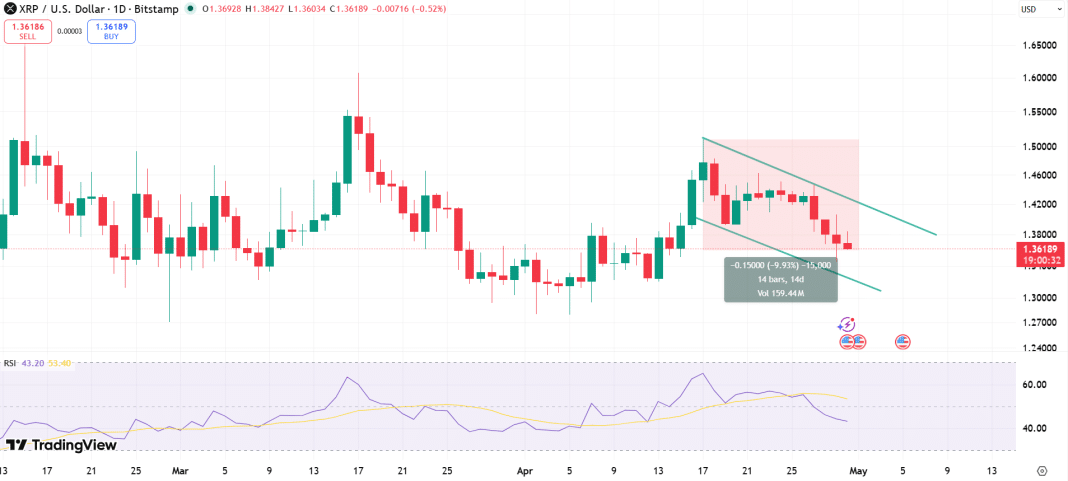 - The $XRP price has corrected nearly 10% from its April 17 peak of $1.51 as buying momentum weakens.
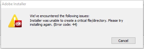 Error 44 when installing Adobe Creative Cloud
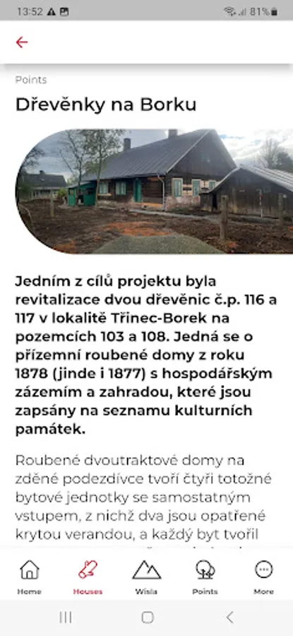 The post-and-plank houses at Borek, revitalization of two wooden houses No. 116 and 117 in the locality of Třinec-Borek serving as an open-air museum, whose four residential units present the development and changes in the housing culture and lifestyle of a worker of the Třinec ironworks during the 20th century. Typologically, it is an exposition of a way of life that reflects a theme from the regional environment and represents the recent past almost up to the present.
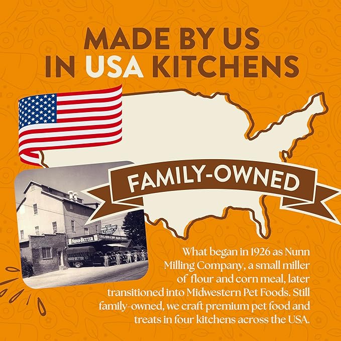 - Grain-free, gluten-free dog nutrition made in USA kitchens.
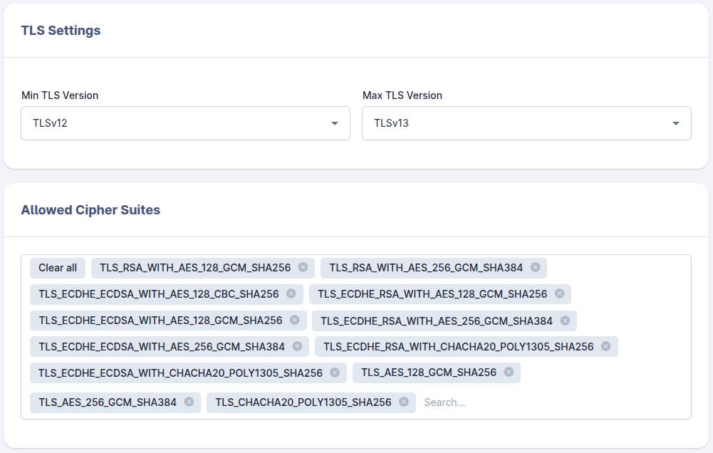The TLS settings used by and for the FTP(E/S) protocol handler are found in the Admin UI, under Security → FTP(E/S) → Advanced. Configure the following settings to achieve the above-mentioned security posture:
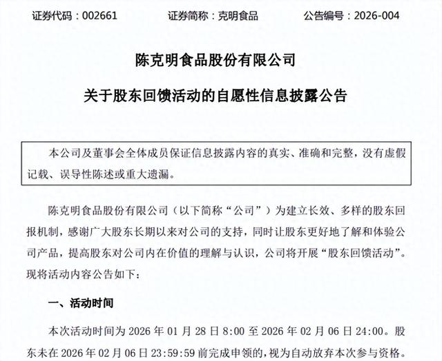 1月27日,克明食品(002661)发布公告,公司将开展“股东回馈活动”。
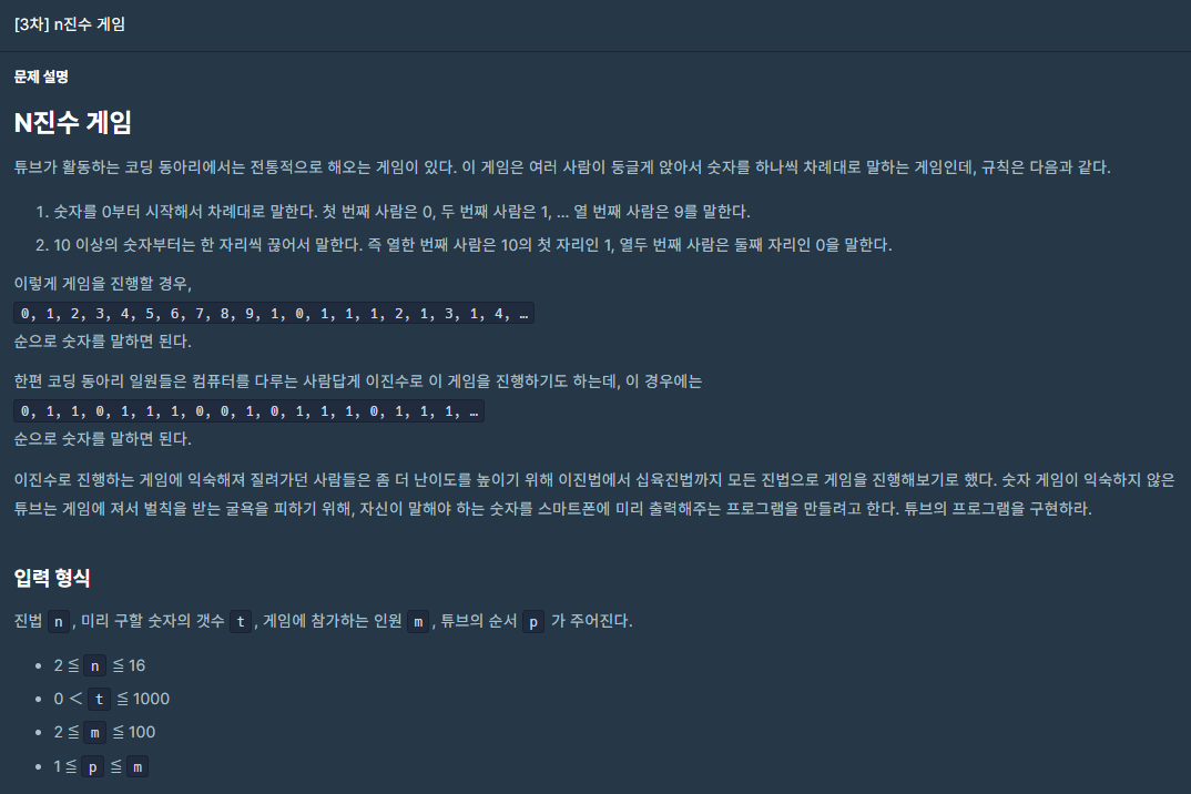 - ์ ์๋ฅผ 0๋ถํฐ ์ ์ ๋๋ ค๊ฐ๋ฉฐ, ์ฃผ์ด์ง ์ง๋ฒ์ผ๋ก ๋ณํํ ์ซ์๋ฅผ ํ ๋ฌธ์์ฉ ์ฐธ๊ฐ ์ธ์๋ค์ด ๋งํ๋ค.
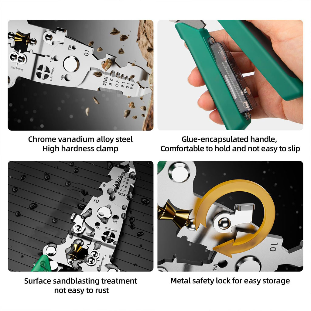 Fabriqué en acier inoxydable robuste, cet outil dispose d’un design antidérapant assurant une manipulation sûre et un dénudage précis sans endommager les conducteurs.
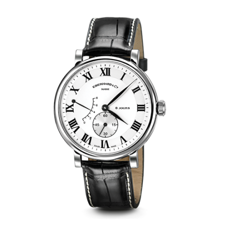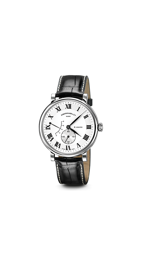 Nella collezione 8 Jours, tecnica, passione e tradizione si fondono, dando vita ad orologi meccanici manuali che si caricano una sola volta ogni 8 giorni. Sul quadrante si trova un indicatore dal dispositivo di funzionamento brevettato, la cui lancetta visualizza l’autonomia di marcia e ricorda per quanto ancora l’orologio segnerà il tempo. L’innovazione di Eberhard & Co. consiste in uno speciale dispositivo di carica brevettato formato da due molle sovrapposte che complessivamente superano il metro e mezzo di lunghezza.
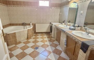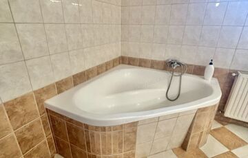 Großes Badezimmer mit Eckbadewanne und Dusche
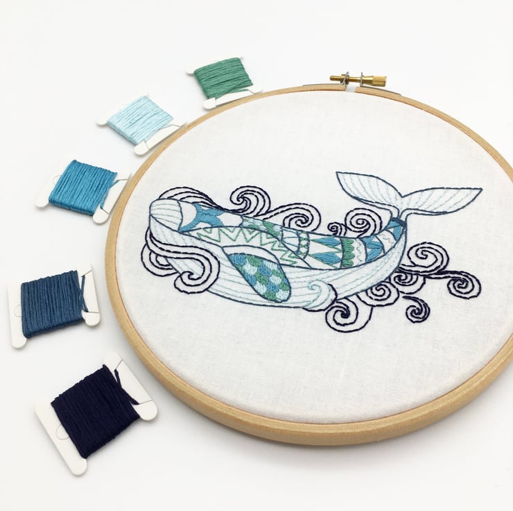 Whale Embroidery Kit - Simple Embroidery Kit, Hand Embroidery Kit
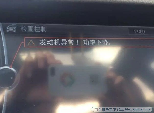故障现象:发动机出现异常噪声。发动机动力下降。发动机故障灯亮起。
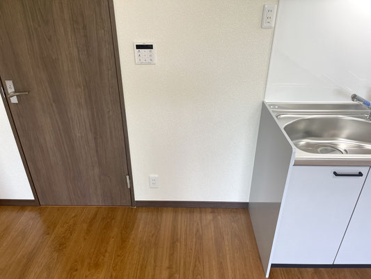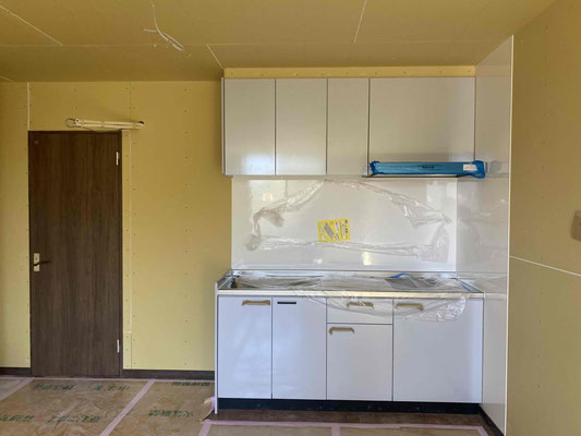 お部屋の中には使い勝手が良さそうなシステムキッチンもあります。

┄┄┄┄┄┄┄┄┄┄

● **THE PROBLEM**
Beginning with the line that includes "Großes Badezimmer mit" and ending with the last line of the material, reproduce those lines exactly and nothing else, with no pictures.

● **REPLY TO THE TASK**
 Großes Badezimmer mit Eckbadewanne und Dusche
 Whale Embroidery Kit - Simple Embroidery Kit, Hand Embroidery Kit
故障现象:发动机出现异常噪声。发动机动力下降。发动机故障灯亮起。
 お部屋の中には使い勝手が良さそうなシステムキッチンもあります。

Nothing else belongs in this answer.